Prove that running time $T(n) = n^3 + 20n \space \space \text{is}\space \space Ω(n^2)$
My attempt:
This question is given on this PDF(que-4).
I have understood the big-oh notation and it's conditions. I understood the given examples of bog-oh on given Pdf.
My question is:
Why numerator has $n$ in $n + \cfrac{20}{n}\geq c$, and how they calculated: The left side of this inequality has the minimum value of $8.94$ for $n = \sqrt{20} ≅ 4.47$
This answer is trying to explain the linked solution. This is not the most efficient way to prove the desired relationship (see the comments for more efficient ways to prove this).

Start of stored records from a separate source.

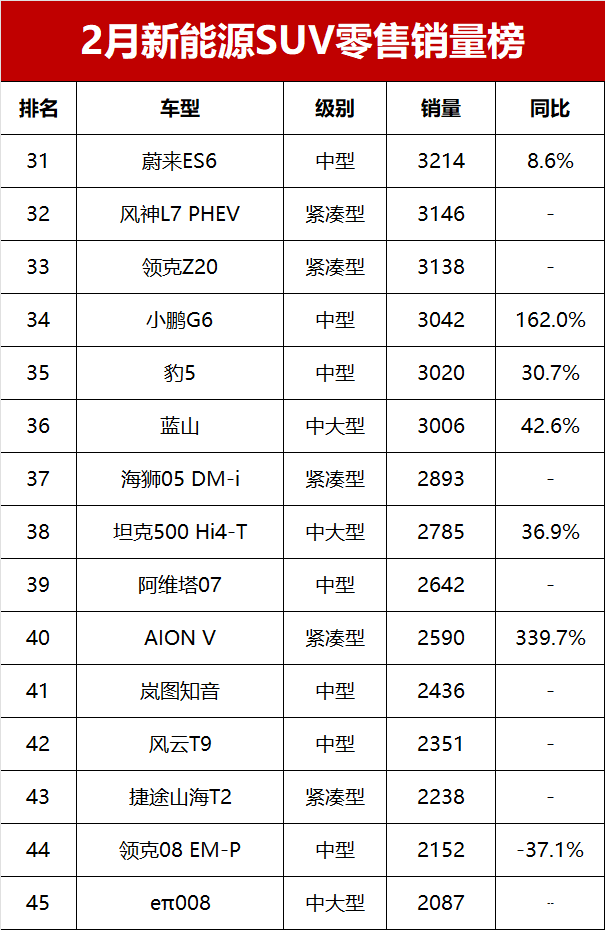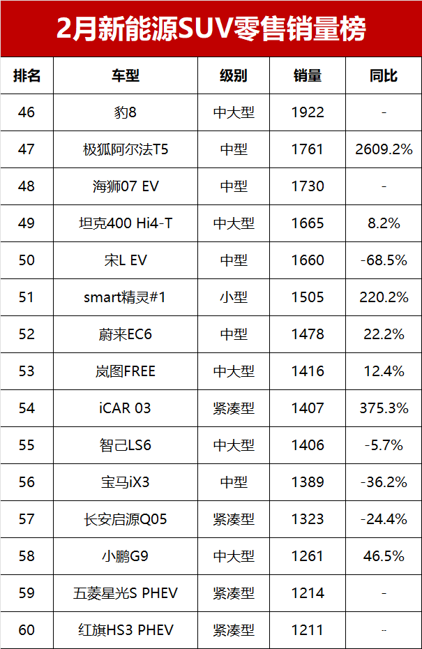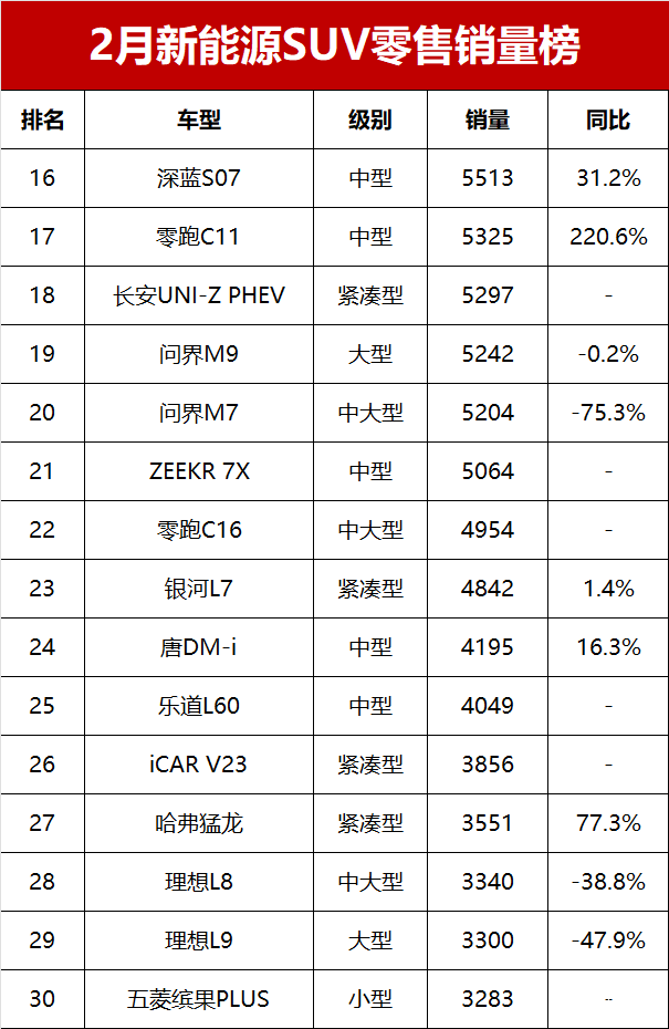 而在中型SUV上,2月份宋L DM-i和零跑C10销量分别为8555辆和8054辆,排名第九和第十位,新车凭借高性价比与品质提升赢得认可。深蓝S07和零跑C11销量分别为5513辆和5325辆,排名第十来和第十七位。
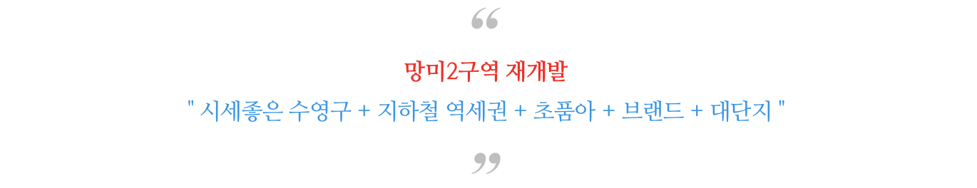 수영구라는 태생 자체가 좋은 재개발 구역으로 역세권의 평지로 그 입지적 가치는 대단히 좋은 곳입니다.
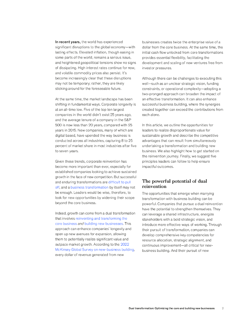麦肯锡:2024年双重转型:优化核心,打造新业务报告(英文版).pdf

Starting with the desired inequality $$ n^3+20n\geq cn^2, $$ they divide both sides by $n^2$ to get $$ \frac{n^3}{n^2}+\frac{20n}{n^2}\geq c. $$ Simplifying, the result is $$ n+\frac{20}{n}\geq c. $$ Next, they use calculus to minimize the function $$ f(x)=x+\frac{20}{x}. $$ Since $$ f'(x)=1-\frac{20}{x^2}, $$ $f$ has a local extrema at $x=\sqrt{20}$. This can be seen to be a minimum by considering the signs of $f'$. Therefore, the smallest that $f(x)$ can be is $2\sqrt{20}$. Therefore, for all $n$, $$ n+\frac{20}{n}\geq 2\sqrt{20}. $$ Therefore, $2\sqrt{20}$ is a good choice for $c$ to make $$ n^3+20n\geq 2\sqrt{20}n^2 $$ always true.
Note that the inequality $n+\frac{20}{n}\geq c$ can be dealt with in a much simpler way by observing that $n+\frac{20}{n}\geq n$ and since we're dealing with $n\geq 1$, $n+\frac{20}{n}\geq n\geq 1$. The solution of interest gives a larger $c$ (so a "tighter bound"), but all that matters is that there is a $c$.